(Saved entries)
────────────────────

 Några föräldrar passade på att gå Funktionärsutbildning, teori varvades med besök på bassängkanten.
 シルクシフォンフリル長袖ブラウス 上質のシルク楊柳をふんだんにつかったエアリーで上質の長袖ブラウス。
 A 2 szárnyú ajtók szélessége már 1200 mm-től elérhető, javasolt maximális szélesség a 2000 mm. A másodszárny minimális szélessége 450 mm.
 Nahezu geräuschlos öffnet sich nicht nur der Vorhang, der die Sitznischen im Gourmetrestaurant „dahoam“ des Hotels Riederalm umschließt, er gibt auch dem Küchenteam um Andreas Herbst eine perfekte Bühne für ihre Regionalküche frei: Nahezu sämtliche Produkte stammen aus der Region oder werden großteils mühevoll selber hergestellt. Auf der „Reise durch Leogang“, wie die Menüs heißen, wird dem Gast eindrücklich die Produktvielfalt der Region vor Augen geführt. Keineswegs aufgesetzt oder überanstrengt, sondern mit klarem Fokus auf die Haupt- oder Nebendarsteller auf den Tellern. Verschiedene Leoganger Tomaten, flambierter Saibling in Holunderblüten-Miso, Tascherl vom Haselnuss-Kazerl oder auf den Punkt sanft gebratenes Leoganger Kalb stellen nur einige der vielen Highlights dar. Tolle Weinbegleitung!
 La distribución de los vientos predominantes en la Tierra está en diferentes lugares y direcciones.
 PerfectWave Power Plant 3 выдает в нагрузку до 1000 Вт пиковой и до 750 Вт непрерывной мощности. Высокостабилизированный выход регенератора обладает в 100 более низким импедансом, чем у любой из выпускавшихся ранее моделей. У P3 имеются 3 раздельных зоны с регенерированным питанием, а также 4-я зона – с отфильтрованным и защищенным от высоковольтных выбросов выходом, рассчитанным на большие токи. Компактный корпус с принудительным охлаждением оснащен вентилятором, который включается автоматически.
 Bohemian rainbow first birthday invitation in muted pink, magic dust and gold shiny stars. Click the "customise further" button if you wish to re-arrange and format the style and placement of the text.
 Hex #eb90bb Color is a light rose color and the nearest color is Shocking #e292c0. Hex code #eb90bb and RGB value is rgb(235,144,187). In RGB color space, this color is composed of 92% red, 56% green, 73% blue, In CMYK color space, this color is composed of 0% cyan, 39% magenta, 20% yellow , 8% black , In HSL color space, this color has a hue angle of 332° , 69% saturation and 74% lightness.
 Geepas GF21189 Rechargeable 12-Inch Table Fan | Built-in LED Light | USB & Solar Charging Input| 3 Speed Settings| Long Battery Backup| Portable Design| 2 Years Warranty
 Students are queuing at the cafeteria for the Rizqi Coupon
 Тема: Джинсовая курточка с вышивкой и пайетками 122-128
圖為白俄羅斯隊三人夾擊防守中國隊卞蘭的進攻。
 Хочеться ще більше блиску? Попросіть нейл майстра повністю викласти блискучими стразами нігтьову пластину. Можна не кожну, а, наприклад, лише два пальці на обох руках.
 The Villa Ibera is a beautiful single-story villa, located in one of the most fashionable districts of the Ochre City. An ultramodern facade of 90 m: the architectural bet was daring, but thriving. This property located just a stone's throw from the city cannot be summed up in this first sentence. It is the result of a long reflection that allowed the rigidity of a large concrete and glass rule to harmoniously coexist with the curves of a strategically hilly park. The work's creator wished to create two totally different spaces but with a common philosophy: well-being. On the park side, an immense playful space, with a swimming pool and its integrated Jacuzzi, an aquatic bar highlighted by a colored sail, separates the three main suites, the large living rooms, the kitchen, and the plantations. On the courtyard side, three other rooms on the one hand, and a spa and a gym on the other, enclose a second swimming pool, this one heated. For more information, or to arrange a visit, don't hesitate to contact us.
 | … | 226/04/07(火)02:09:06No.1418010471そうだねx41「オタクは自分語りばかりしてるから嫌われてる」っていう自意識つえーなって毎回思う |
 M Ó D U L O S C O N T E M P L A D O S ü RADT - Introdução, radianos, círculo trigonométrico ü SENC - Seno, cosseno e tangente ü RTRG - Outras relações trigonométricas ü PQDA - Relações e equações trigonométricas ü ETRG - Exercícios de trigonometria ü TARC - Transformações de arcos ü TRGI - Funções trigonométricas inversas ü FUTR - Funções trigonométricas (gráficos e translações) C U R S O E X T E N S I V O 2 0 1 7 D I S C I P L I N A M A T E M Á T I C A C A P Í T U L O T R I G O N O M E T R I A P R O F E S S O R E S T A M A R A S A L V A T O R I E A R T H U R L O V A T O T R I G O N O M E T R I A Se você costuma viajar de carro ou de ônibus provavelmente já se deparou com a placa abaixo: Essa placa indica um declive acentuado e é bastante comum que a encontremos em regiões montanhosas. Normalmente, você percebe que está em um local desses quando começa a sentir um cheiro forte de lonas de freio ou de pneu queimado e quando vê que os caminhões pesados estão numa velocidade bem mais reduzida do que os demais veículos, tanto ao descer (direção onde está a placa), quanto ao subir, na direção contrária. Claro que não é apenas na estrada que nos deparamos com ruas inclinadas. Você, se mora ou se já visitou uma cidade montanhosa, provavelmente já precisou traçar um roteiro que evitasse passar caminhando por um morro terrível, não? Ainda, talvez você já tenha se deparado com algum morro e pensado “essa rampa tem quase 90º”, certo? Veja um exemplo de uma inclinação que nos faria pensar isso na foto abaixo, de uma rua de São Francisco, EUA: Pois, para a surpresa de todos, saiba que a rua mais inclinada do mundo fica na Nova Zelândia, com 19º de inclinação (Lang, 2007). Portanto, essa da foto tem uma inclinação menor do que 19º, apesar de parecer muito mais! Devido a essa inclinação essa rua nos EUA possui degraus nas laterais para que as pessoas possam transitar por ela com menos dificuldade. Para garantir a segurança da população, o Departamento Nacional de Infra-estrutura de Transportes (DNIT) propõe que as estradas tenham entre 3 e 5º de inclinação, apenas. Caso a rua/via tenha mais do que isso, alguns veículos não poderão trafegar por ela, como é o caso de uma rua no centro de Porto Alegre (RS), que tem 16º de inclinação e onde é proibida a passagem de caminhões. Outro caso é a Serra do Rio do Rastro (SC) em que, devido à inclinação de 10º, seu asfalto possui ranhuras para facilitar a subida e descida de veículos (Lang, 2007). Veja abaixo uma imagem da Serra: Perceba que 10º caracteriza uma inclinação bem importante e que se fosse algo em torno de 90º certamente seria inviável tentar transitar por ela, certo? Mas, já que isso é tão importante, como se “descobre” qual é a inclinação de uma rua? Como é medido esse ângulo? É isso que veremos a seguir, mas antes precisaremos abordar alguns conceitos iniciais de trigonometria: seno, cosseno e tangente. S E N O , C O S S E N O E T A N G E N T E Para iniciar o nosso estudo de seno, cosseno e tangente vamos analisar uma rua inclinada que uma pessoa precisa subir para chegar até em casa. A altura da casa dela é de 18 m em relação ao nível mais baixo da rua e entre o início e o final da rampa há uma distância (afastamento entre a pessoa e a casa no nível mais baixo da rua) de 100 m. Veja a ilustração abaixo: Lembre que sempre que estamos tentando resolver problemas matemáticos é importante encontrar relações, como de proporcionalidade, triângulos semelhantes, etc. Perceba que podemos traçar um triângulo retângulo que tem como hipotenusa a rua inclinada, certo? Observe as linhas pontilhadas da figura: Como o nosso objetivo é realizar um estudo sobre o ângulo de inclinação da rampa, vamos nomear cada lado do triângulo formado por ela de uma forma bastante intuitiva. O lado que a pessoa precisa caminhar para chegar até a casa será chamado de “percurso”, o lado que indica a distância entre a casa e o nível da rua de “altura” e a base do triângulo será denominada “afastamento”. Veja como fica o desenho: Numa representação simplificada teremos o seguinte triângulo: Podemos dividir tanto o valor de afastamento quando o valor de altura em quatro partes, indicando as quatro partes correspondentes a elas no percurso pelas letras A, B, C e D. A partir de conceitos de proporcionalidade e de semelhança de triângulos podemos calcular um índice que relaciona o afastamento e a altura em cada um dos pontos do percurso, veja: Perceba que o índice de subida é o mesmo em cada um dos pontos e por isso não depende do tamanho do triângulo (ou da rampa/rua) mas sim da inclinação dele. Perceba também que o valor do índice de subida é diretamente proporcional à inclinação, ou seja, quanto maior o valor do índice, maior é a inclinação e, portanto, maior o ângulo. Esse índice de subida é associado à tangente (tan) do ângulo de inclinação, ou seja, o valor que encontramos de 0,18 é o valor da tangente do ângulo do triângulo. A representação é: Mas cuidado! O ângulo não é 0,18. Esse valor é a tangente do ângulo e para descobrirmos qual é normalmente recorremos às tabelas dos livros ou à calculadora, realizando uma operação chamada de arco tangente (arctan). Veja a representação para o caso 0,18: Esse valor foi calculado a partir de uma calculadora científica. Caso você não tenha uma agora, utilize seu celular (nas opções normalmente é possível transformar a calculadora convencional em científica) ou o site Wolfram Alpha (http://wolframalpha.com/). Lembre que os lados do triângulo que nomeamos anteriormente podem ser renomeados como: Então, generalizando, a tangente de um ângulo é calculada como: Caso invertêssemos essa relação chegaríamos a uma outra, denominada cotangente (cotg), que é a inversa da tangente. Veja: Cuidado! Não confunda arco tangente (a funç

────────────────────

▶ Your objective
Go through the data above from its first line and copy each line exactly, stopping once the line with "A 2 szárnyú" has been copied.

▶ Response to the exercise
 Några föräldrar passade på att gå Funktionärsutbildning, teori varvades med besök på bassängkanten.
 シルクシフォンフリル長袖ブラウス 上質のシルク楊柳をふんだんにつかったエアリーで上質の長袖ブラウス。
 A 2 szárnyú ajtók szélessége már 1200 mm-től elérhető, javasolt maximális szélesség a 2000 mm. A másodszárny minimális szélessége 450 mm.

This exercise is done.